Thanks for the quick response and your time.
I may have confused the issue.
I want to dedicate a certain number of CPUs to the host, thereby
assuring CPUs are not over-provisioned to guests.
On 2/15/25 10:40, Antranig Vartanian wrote:
I think you can.
bhyve has an option named -p which maps the vcpu to the host cpu. In our
cluster we have the following in vm-bhyve’s config file:
bhyve_options="-p 0:28 -p 100:156 -p 1:29 -p 101:157 -p 2:30 -p 102:158 -p 3:31
-p 103:159 -p 4:32 -p 104:160 -p 5:33 -p 105:161 -p 6:34 -p 106:162 […] 197:253
-p 98:126 -p 198:254 -p 99:127 -p 199:255”
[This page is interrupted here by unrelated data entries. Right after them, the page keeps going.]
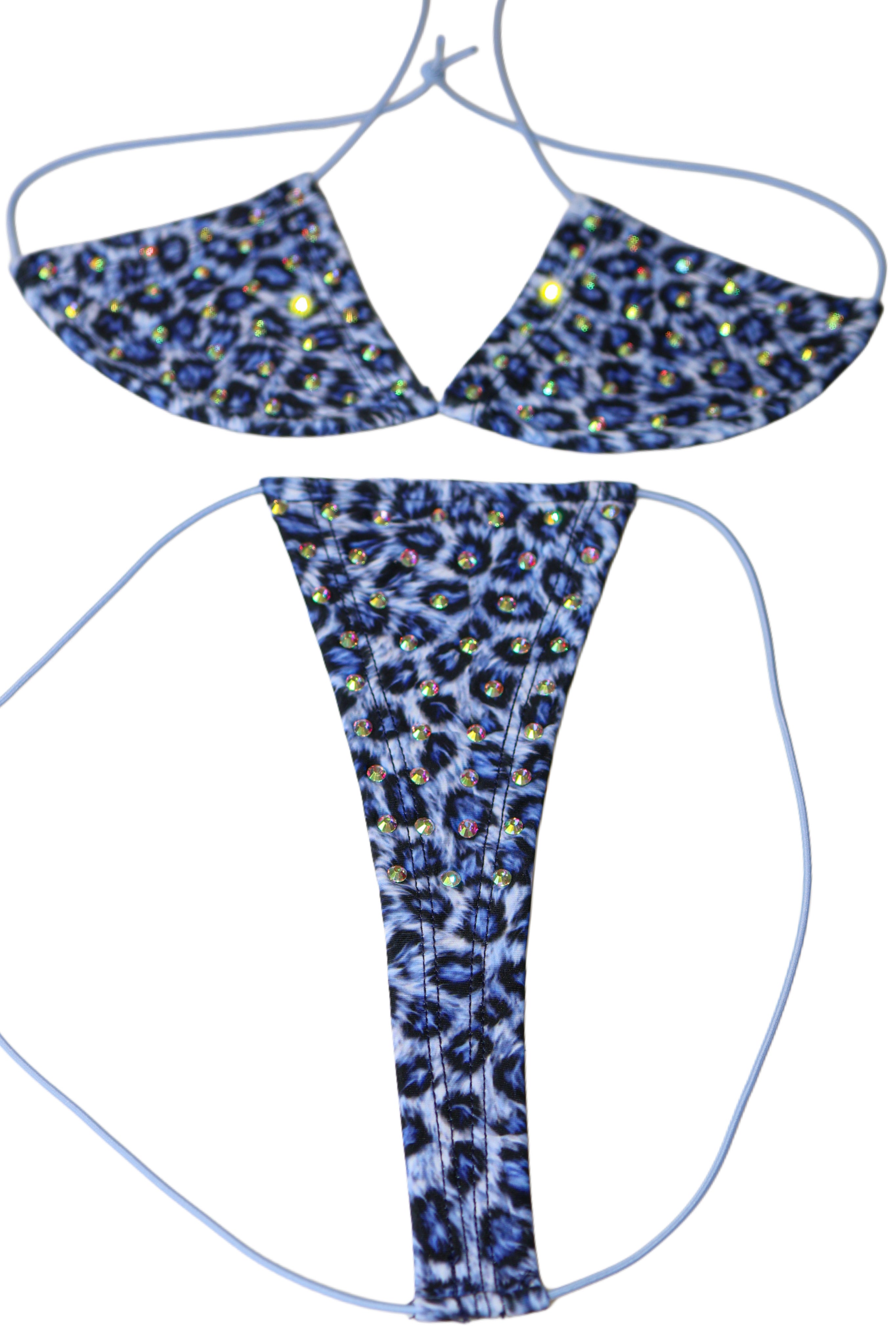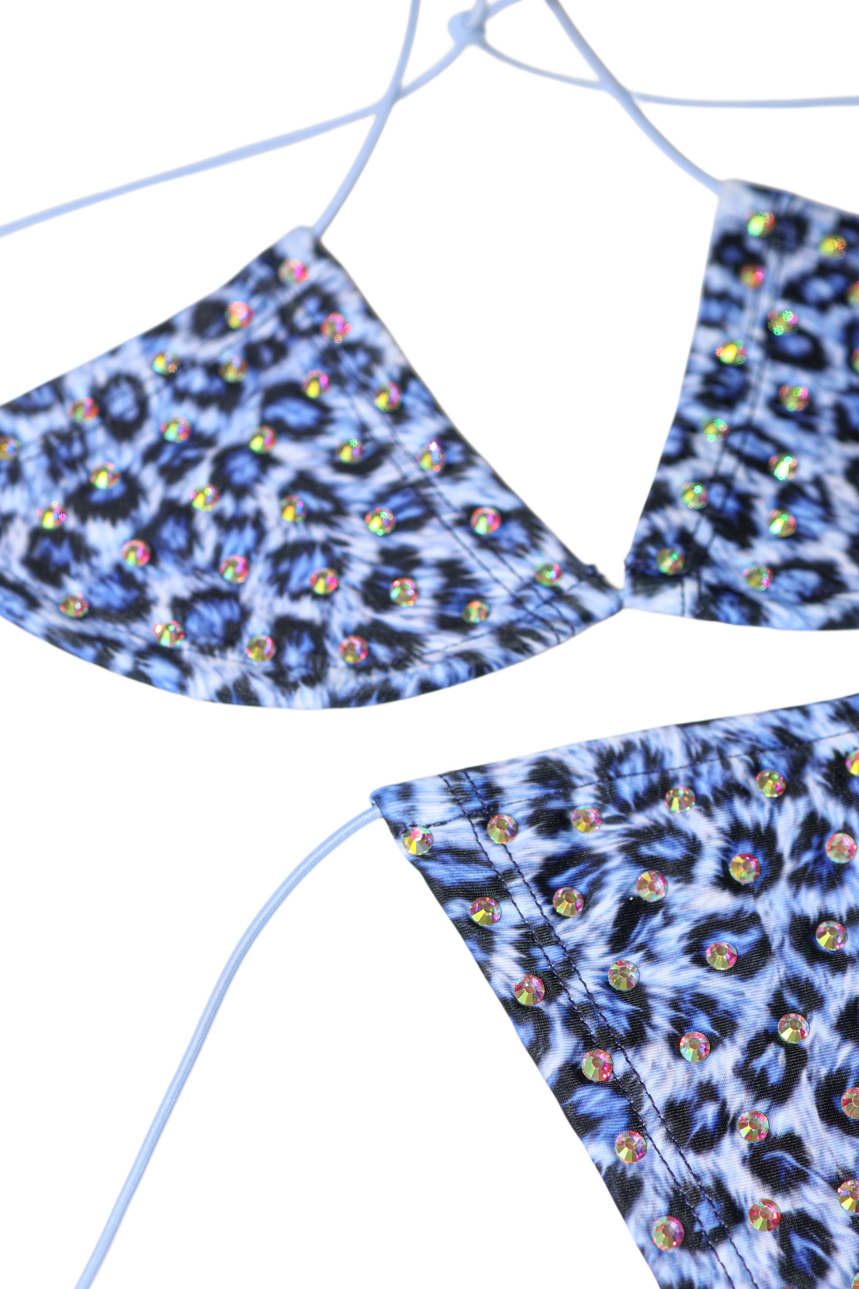 Blue leopard rhinestone string microkini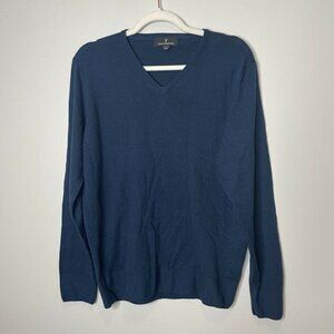 Franco Biagianti Mens 100% Merino Wool Blue V Neck Sweater Size Large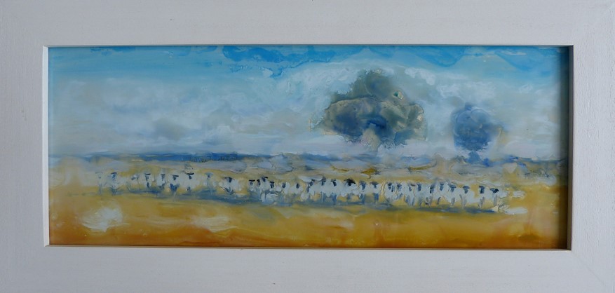 summer sheep framed Published 18.11.2023 at 877 × 418 in Flowers and Landscapes Summer Sheep, Framed, Oil on Glass Oil on Glass
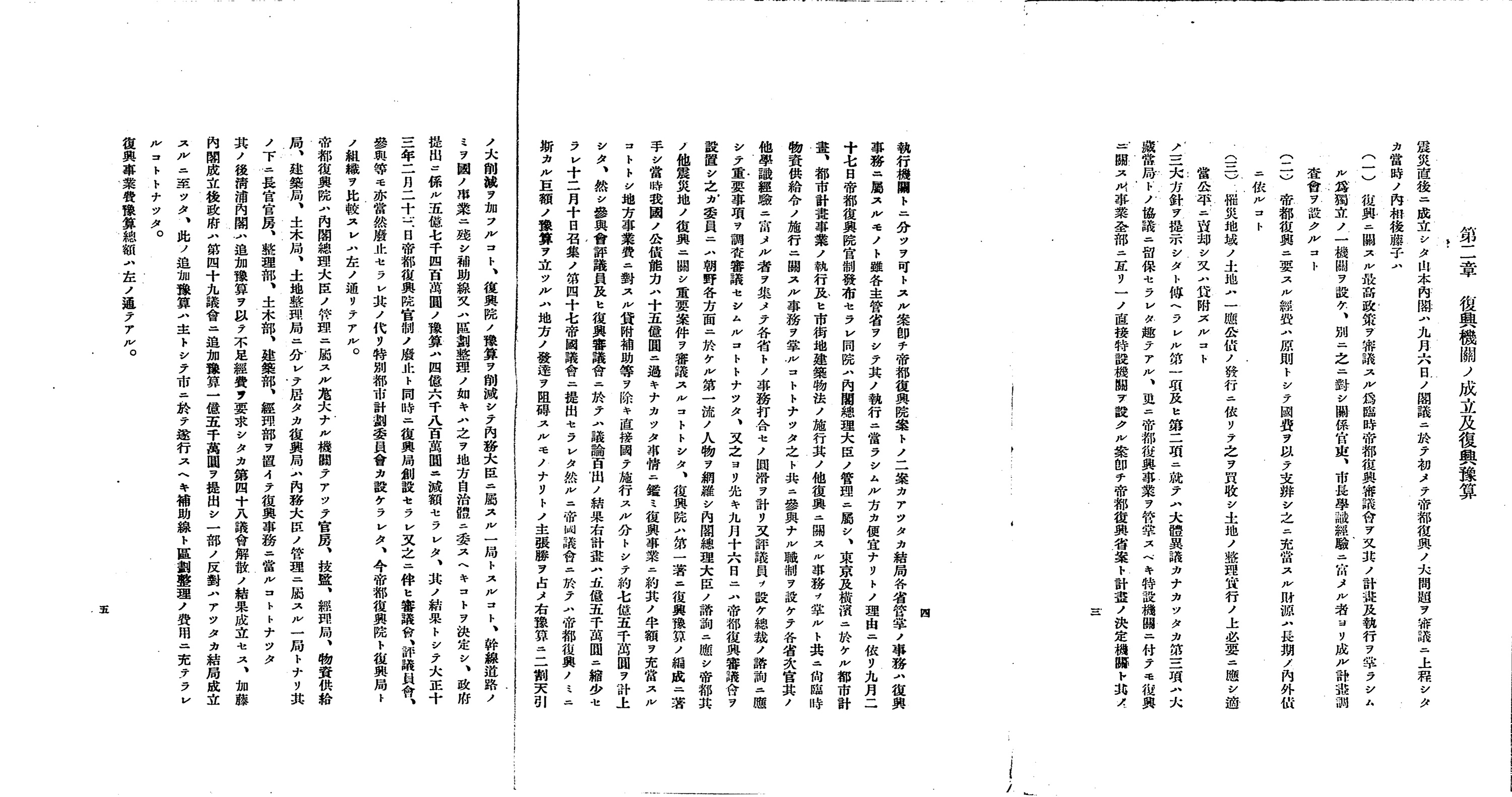 そして、議会のもうひとつの結論として、帝都復興院が大正13年2月に廃止されることになりました。つまり、復興計画が定まった時点で、復興事業を内閣総理大臣が直接管理するという体制は停止されたのです。代わって、計画実行を担うため、内務省のひとつの部局として「復興局」が開設されました(7)。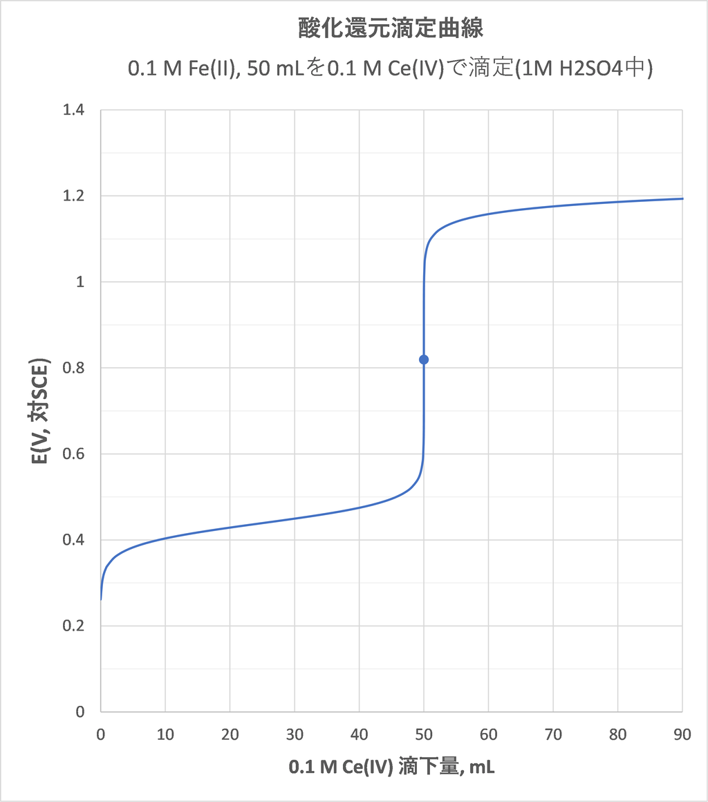 酸化還元滴定でよく用いられる「セリウム(IV)標準溶液によるによる鉄(II)の滴定」を例として、当量点以前・当量点・当量点以降で場合分けをして近似式を作成し、酸化還元滴定曲線を描く方法を説明します。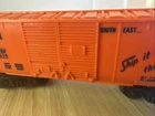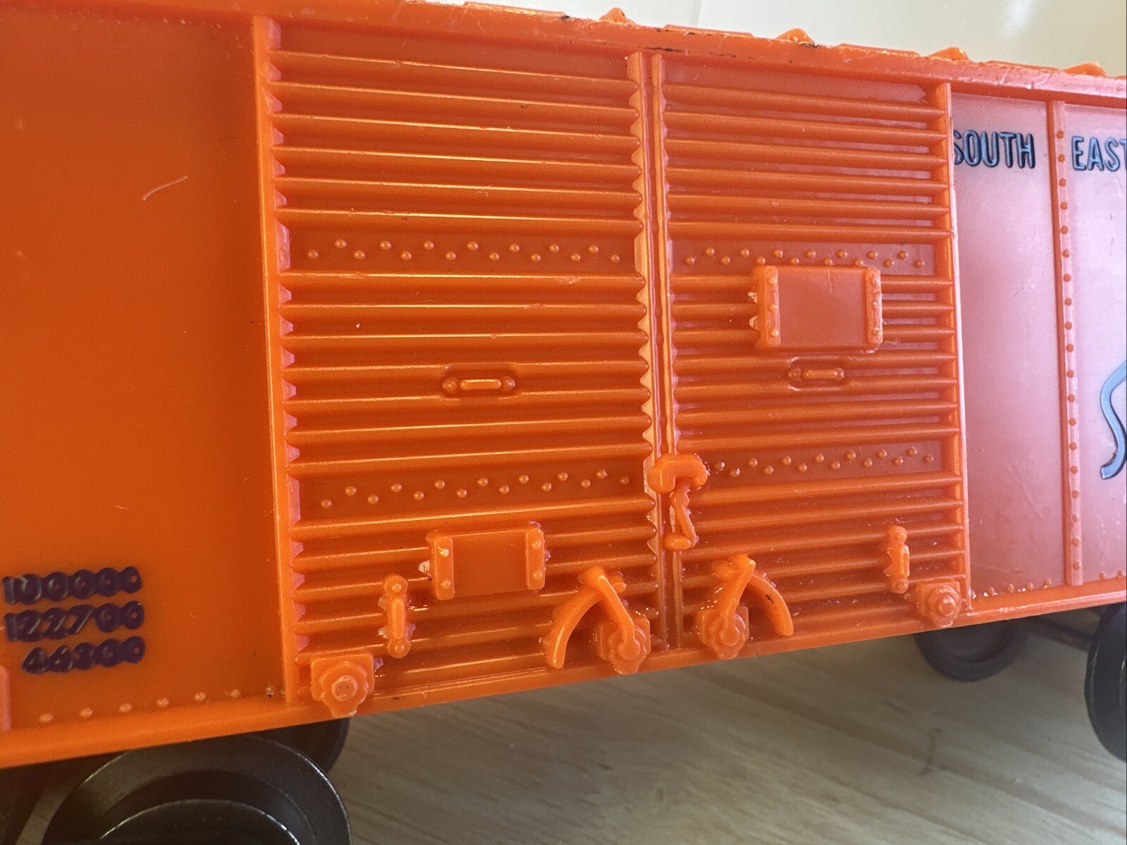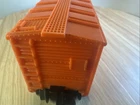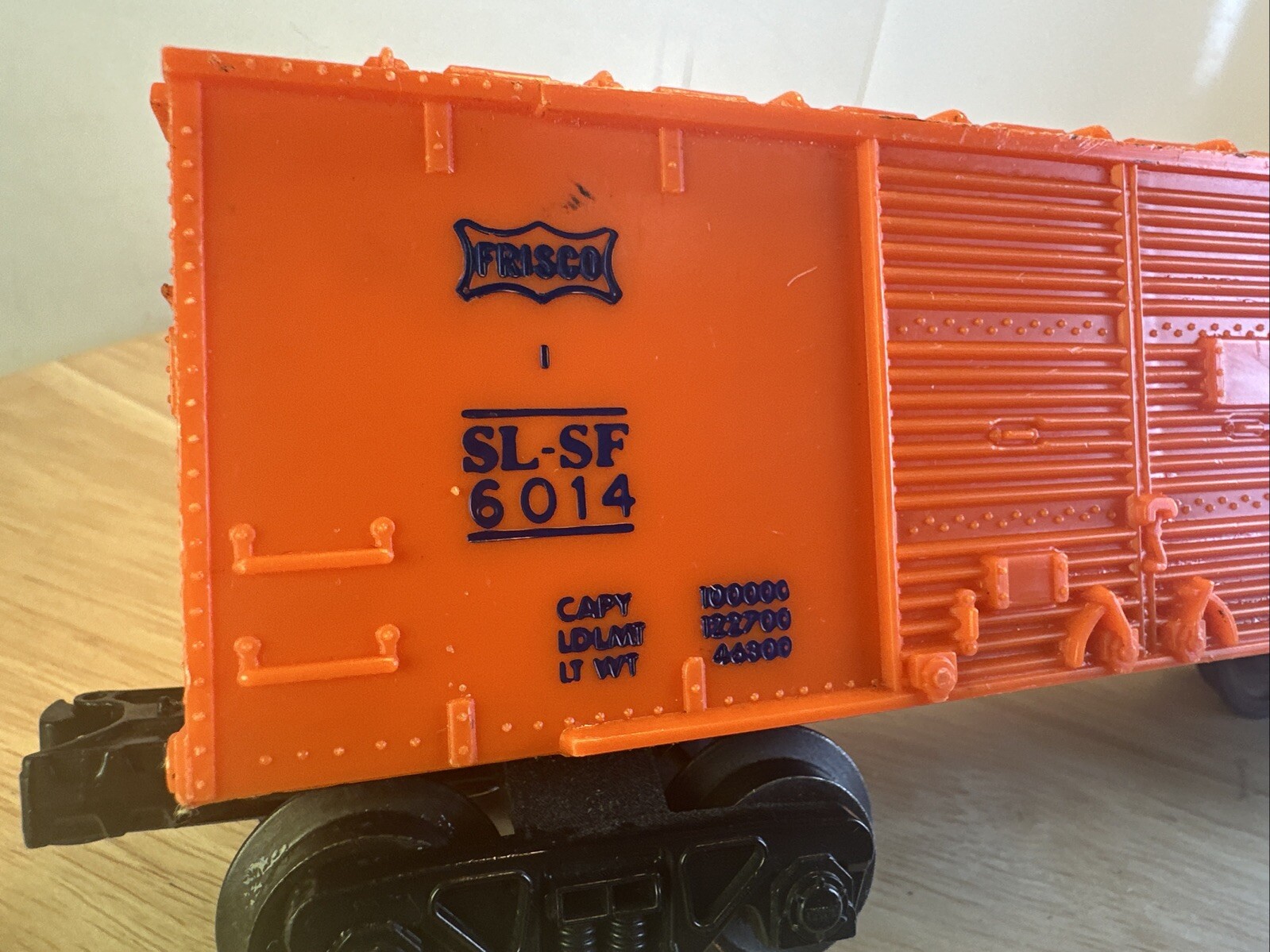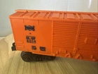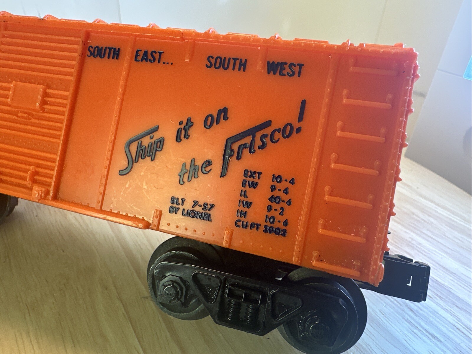 SOLD AS USED LOOKS UNUSED HARD TO FIND POSTWAR LIONEL CLEAN UNDAMAGED ORANGE PLASTIC WITH KNUCKLE COUPLERS NO RUST ON METAL AXLES BLUE READABLE MARKINGS AND GRAPHICS ON EACH SIDE LIONEL O GAUGE FROM 1957 ITEM WILL BE SECURELY WRAPPED AND QUICKLY SHIPPED WITHIN ONE BUSINESS DAY SOLD AS IS CONDITION thanks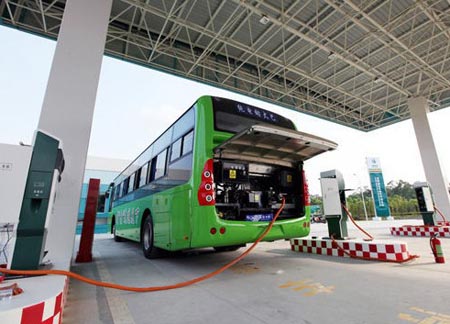 8月28日,由江西省自主研發(fā)的首輛純電動大巴充好電后駛出充電站。

Now, to be fair I am matching a single vCPU to a host CPU (and then using the
cpuset subsystem to “Detach” that cpu from the host), but I don’t see a reason
why
you would not be able to match multiple vCPUs to a single host CPU. (someone
correct me if I'm wrong).
Hope this helps.
—
Antranig Vartanian
https://antranigv.am/
PGP Key ID: 0x2D59F21C
On 15 Feb 2025, at 7:34 PM, FreeBSD Louisville <[email protected]>
wrote:
It appears to me that a user could over-provision CPUs to guests, causing massive
slowdown of the system. Can I specify CPUs to be "locked" to the host? If I
have 16 processors available, could I start guests that want 32 CPUs?